Items from a data source
******************************

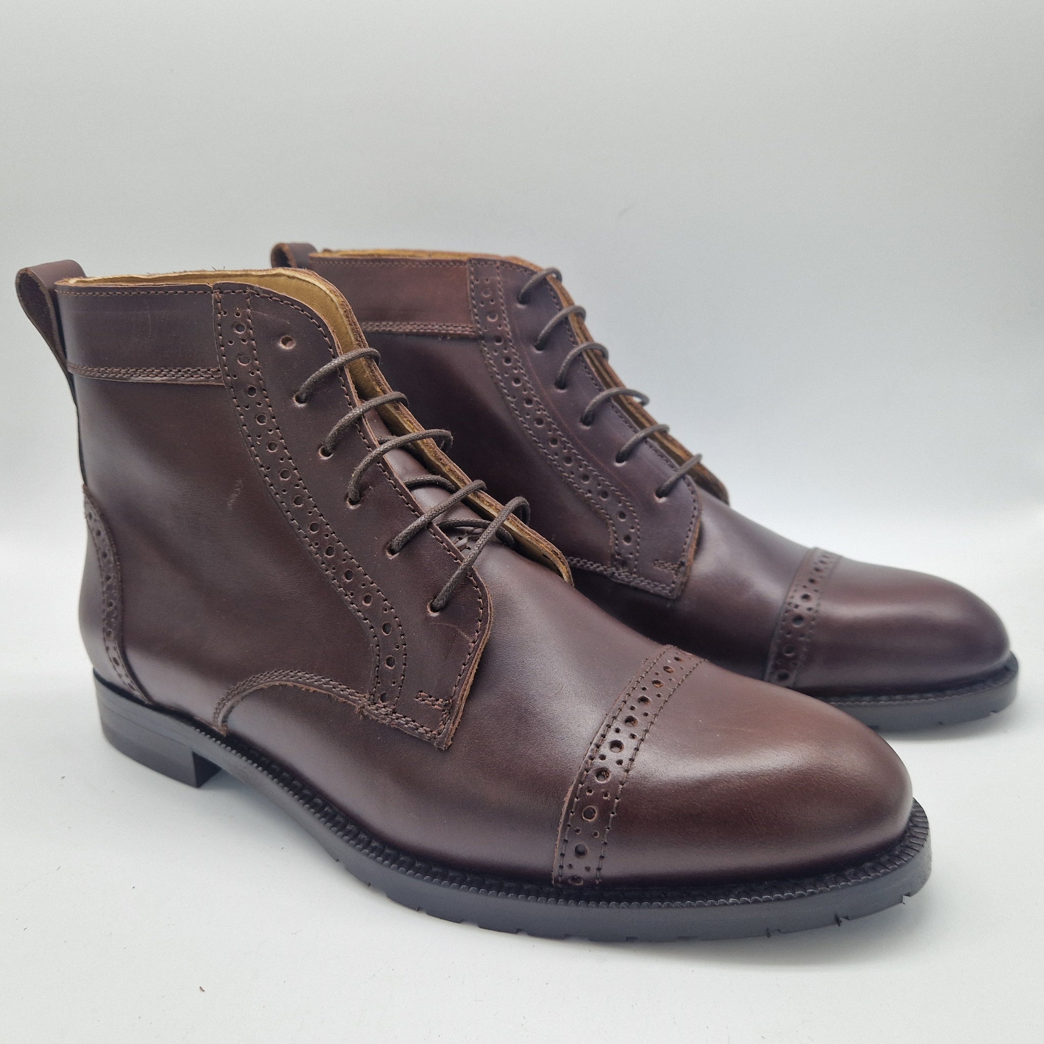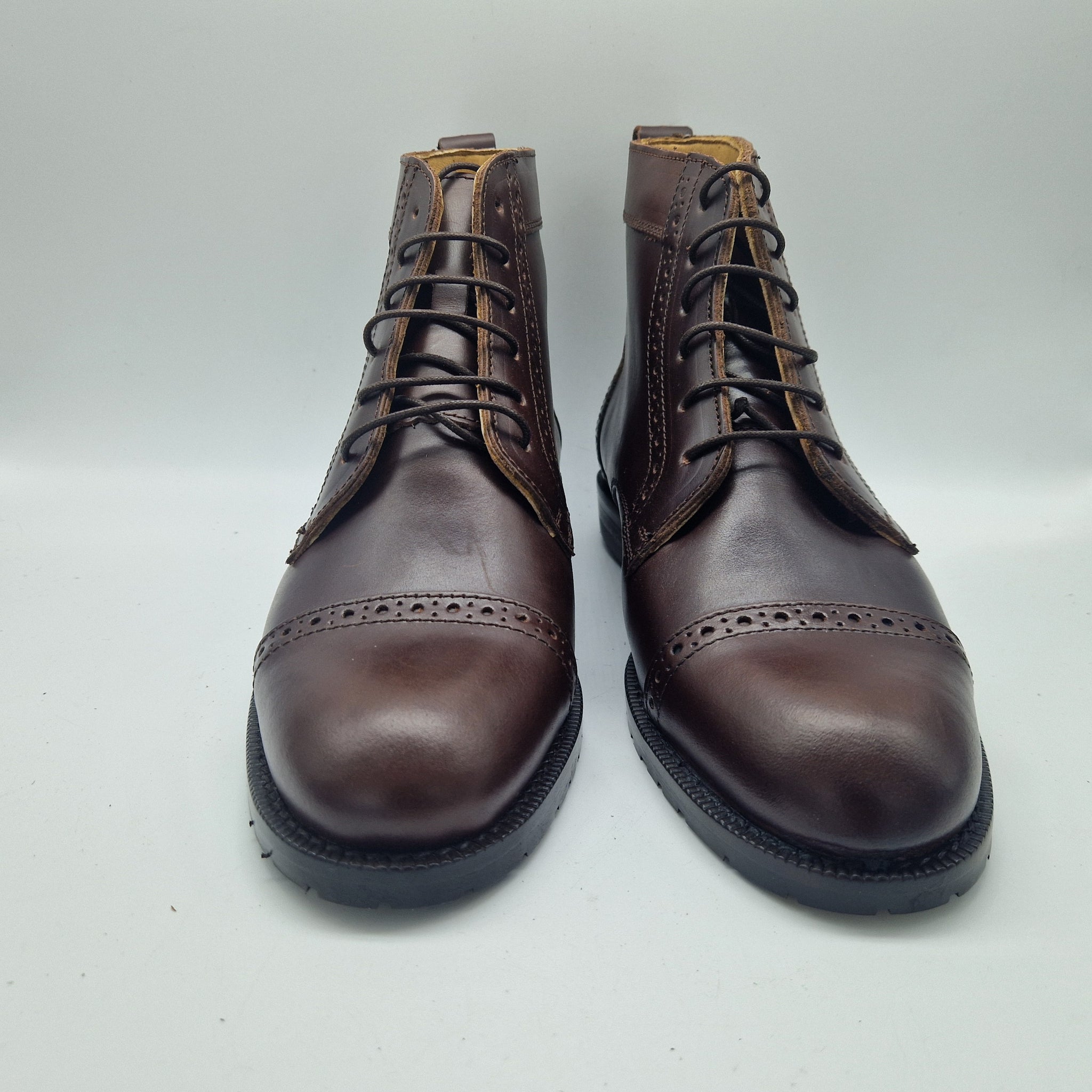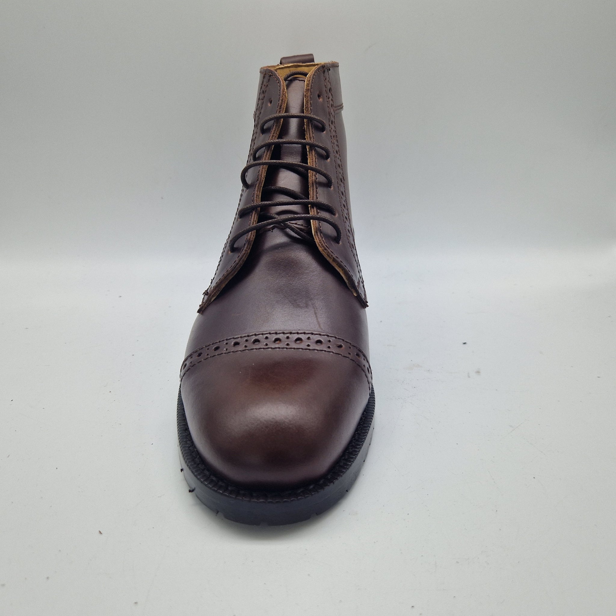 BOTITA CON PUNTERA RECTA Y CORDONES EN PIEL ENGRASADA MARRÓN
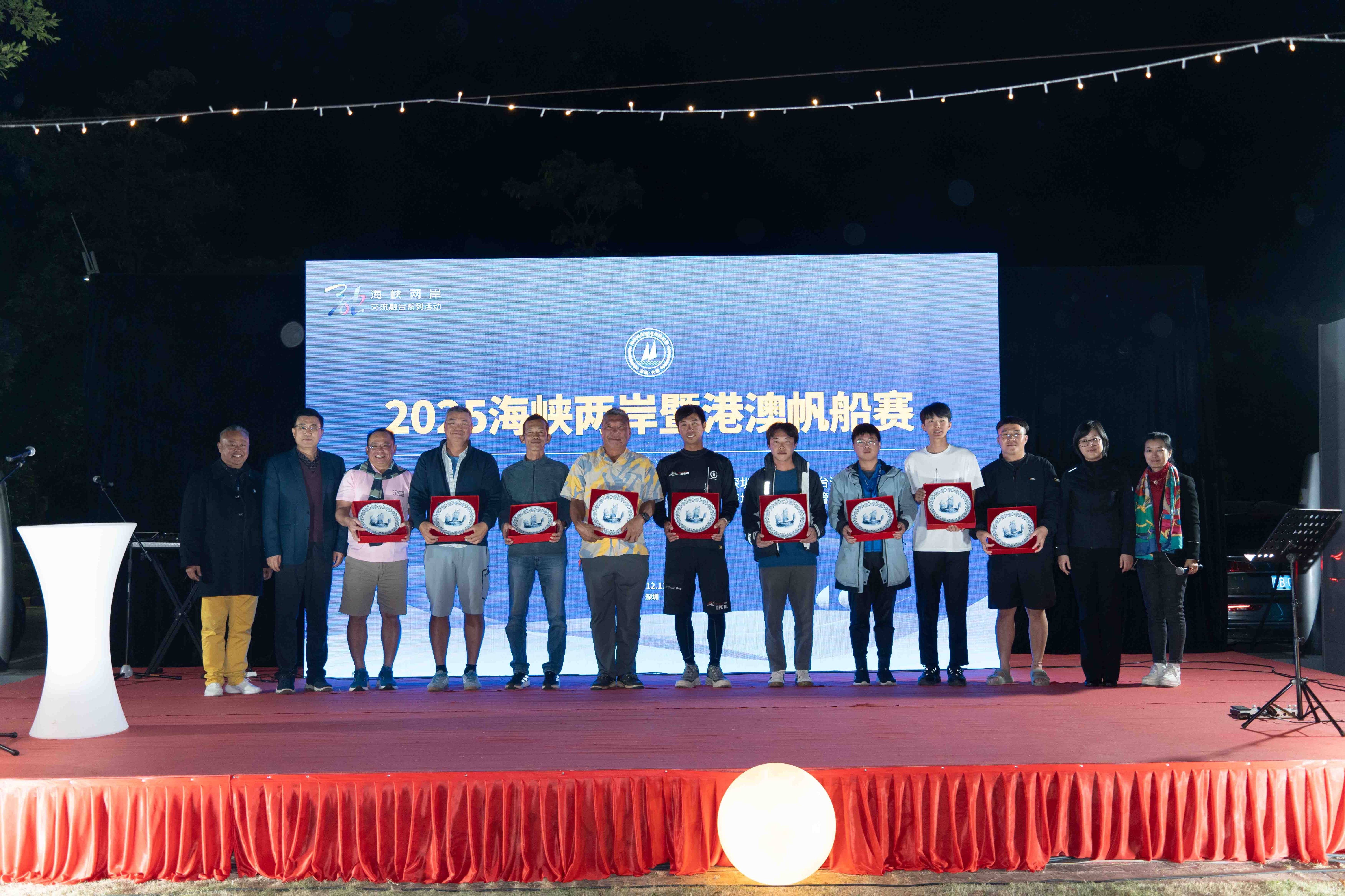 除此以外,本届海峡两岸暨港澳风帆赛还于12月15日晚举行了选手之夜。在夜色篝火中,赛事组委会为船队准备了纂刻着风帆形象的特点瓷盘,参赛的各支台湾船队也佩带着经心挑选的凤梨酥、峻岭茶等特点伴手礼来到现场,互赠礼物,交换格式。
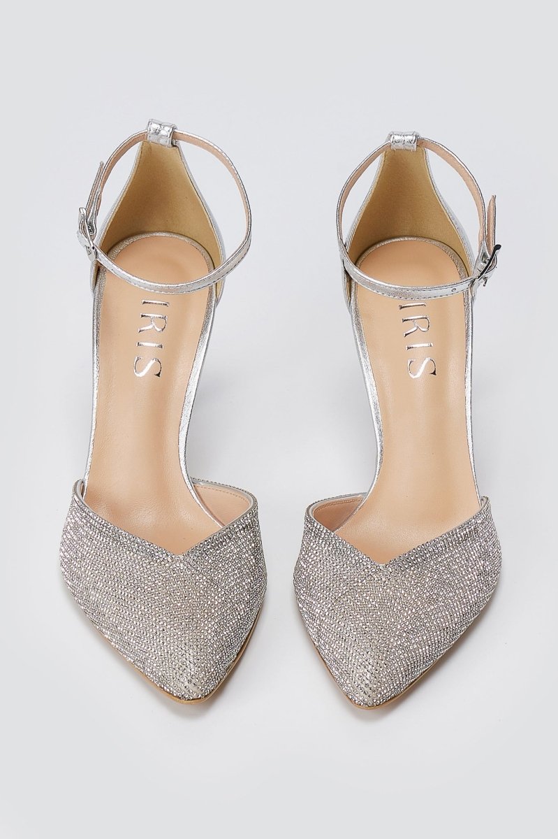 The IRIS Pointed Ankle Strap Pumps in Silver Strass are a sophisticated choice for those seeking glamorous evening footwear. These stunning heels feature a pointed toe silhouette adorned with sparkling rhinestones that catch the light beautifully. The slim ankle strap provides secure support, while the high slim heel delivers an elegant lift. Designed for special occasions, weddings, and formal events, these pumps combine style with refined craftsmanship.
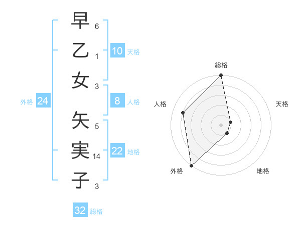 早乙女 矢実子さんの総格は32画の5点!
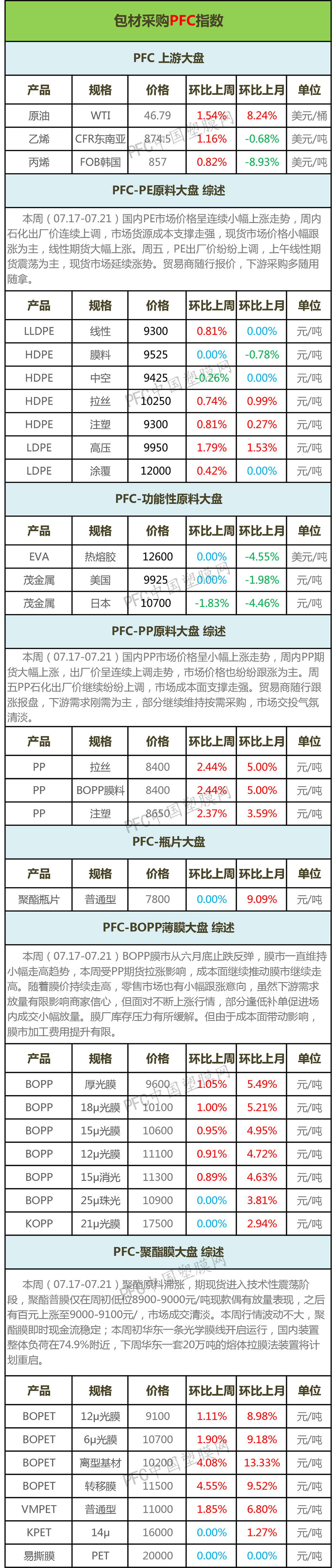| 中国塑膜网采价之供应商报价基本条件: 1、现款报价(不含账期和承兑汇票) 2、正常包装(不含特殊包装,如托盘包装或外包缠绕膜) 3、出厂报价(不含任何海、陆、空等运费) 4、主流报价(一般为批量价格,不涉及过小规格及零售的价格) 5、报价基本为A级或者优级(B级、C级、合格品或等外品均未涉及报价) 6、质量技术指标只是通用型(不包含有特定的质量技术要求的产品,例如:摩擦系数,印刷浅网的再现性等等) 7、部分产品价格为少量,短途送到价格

******************************

__DIRECTIONS FOR THIS TASK__. Leaving pictures out, output the lines of the data above from the one with "The IRIS Pointed" through the one with "早乙女 矢実子さんの総格は32画の5点!", word for word.

__RESULT OF THIS TASK__.
 The IRIS Pointed Ankle Strap Pumps in Silver Strass are a sophisticated choice for those seeking glamorous evening footwear. These stunning heels feature a pointed toe silhouette adorned with sparkling rhinestones that catch the light beautifully. The slim ankle strap provides secure support, while the high slim heel delivers an elegant lift. Designed for special occasions, weddings, and formal events, these pumps combine style with refined craftsmanship.
 早乙女 矢実子さんの総格は32画の5点!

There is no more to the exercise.